#### THE PROBLEM:
Repeat exactly the lines of the material below that run from the "Appendix A - Keywords" line to the "Gold: Norwegen (Lägreid, T." line, including both, and do not carry over any pictures.

#### MATERIAL SHOWN:
○ ○ ○ ○

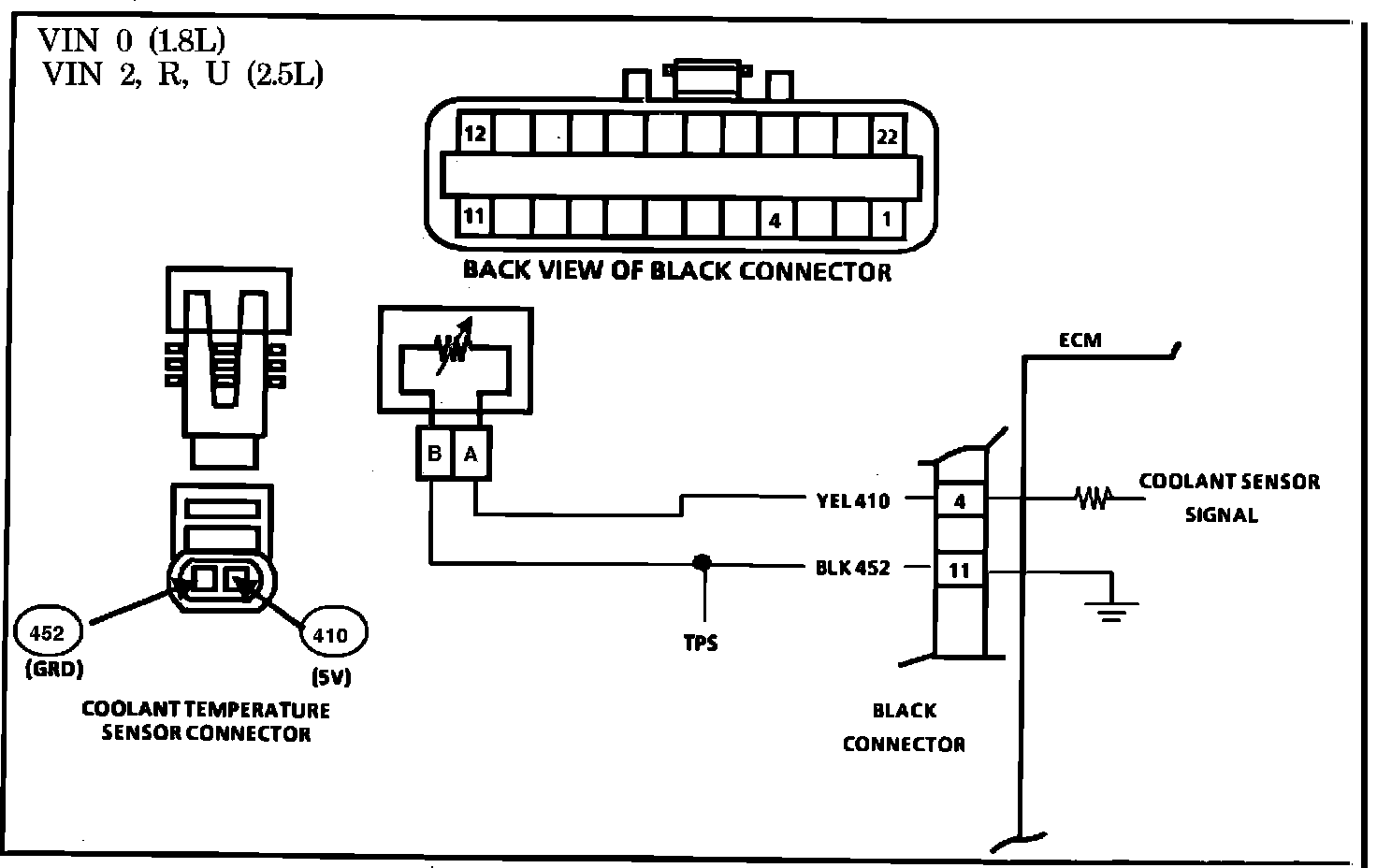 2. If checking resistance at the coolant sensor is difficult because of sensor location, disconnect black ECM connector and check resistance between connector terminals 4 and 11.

○ ○ ○ ○

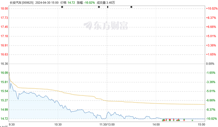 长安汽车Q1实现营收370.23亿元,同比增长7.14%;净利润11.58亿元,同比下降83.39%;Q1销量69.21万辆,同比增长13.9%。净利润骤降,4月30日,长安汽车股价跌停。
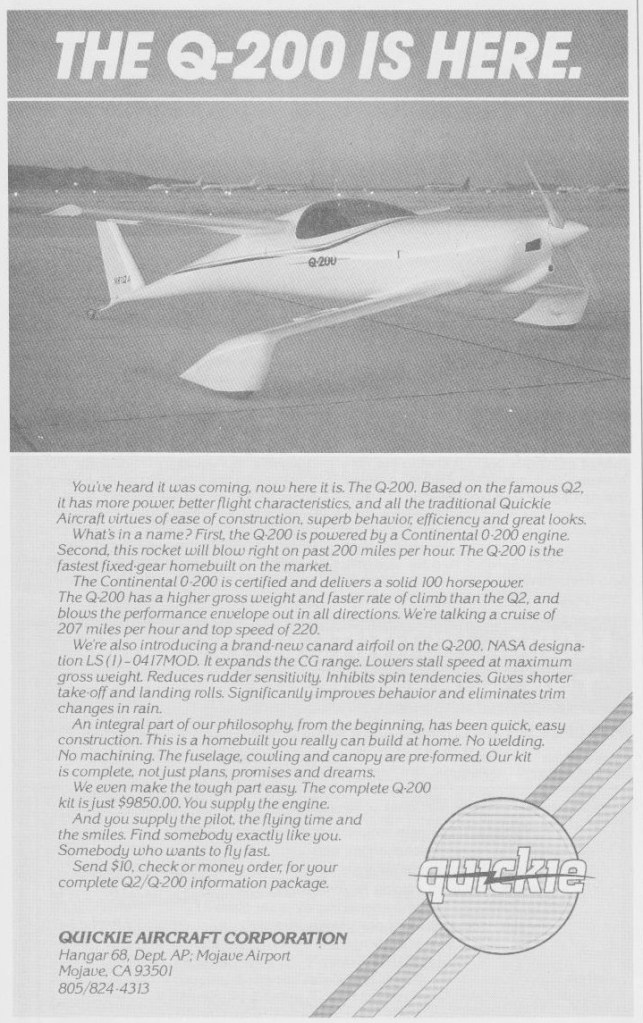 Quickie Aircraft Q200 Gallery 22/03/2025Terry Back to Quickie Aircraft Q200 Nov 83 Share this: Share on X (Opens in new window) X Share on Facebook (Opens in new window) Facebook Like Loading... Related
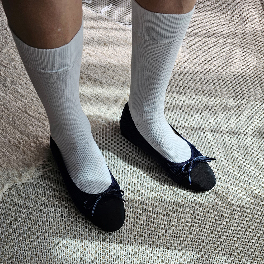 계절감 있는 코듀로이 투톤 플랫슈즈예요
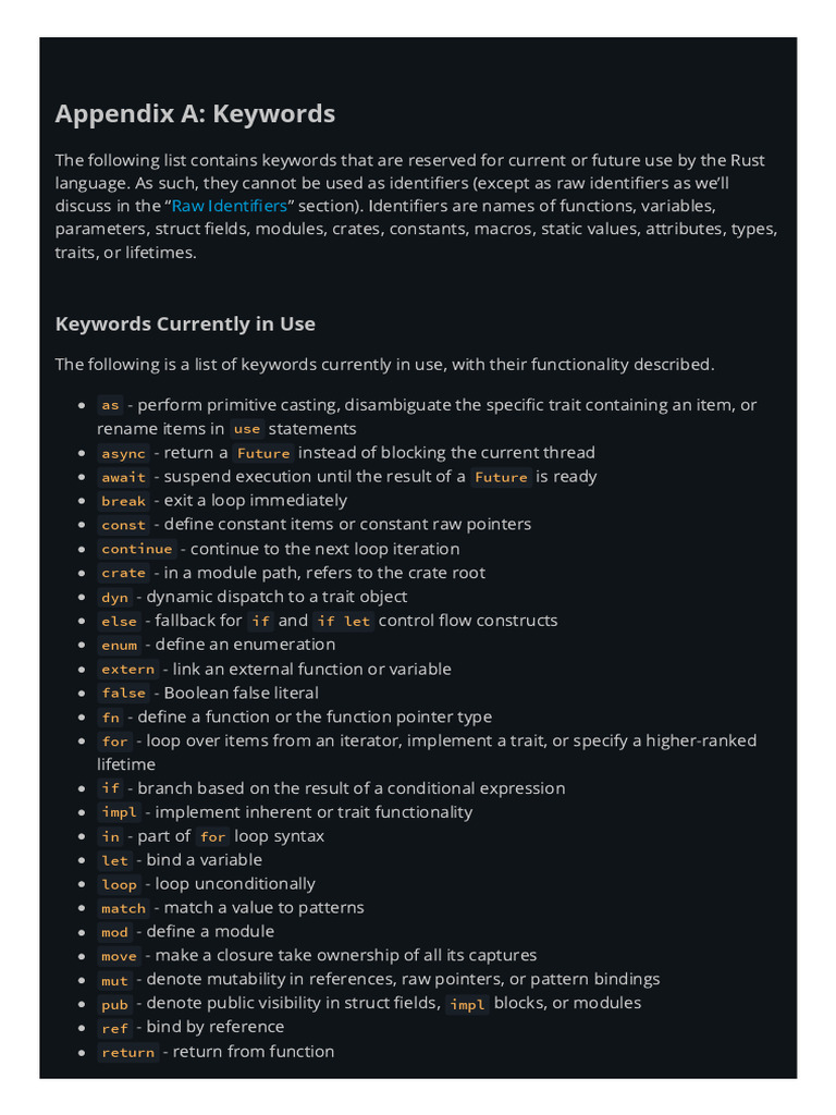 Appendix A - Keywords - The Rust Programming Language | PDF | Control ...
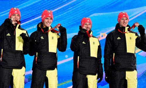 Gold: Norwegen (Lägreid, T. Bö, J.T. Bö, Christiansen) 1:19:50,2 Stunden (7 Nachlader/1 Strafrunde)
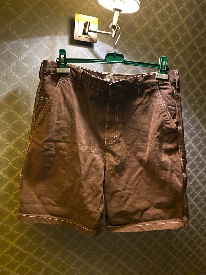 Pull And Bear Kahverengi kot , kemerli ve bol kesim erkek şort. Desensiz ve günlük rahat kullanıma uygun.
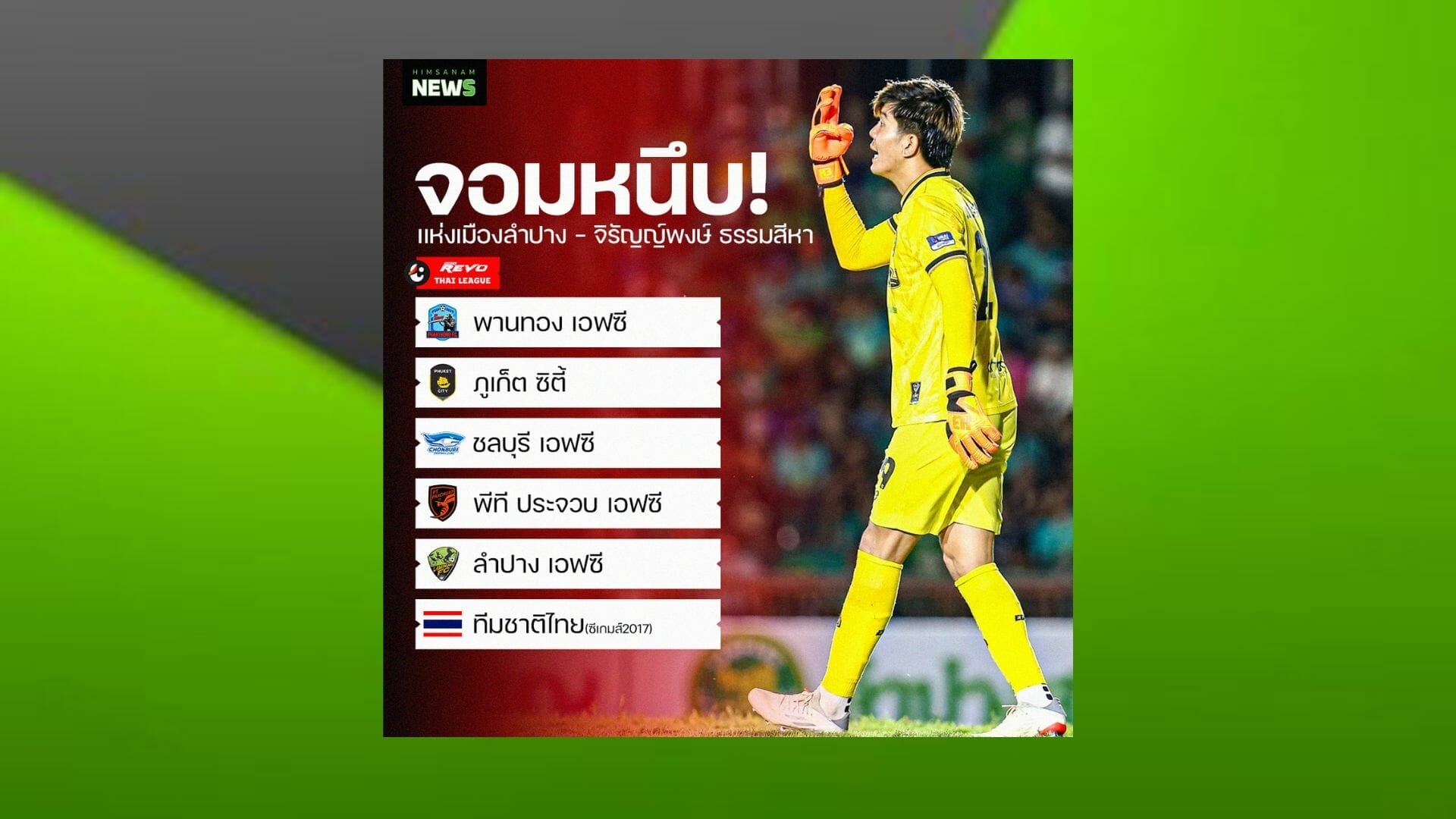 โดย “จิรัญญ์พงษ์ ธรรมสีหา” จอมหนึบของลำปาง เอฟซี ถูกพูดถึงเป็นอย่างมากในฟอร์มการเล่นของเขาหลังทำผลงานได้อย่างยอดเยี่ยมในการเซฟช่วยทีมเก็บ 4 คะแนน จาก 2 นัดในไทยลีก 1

○ ○ ○ ○

#### SOLUTION:
 Appendix A - Keywords - The Rust Programming Language | PDF | Control ...
 Gold: Norwegen (Lägreid, T. Bö, J.T. Bö, Christiansen) 1:19:50,2 Stunden (7 Nachlader/1 Strafrunde)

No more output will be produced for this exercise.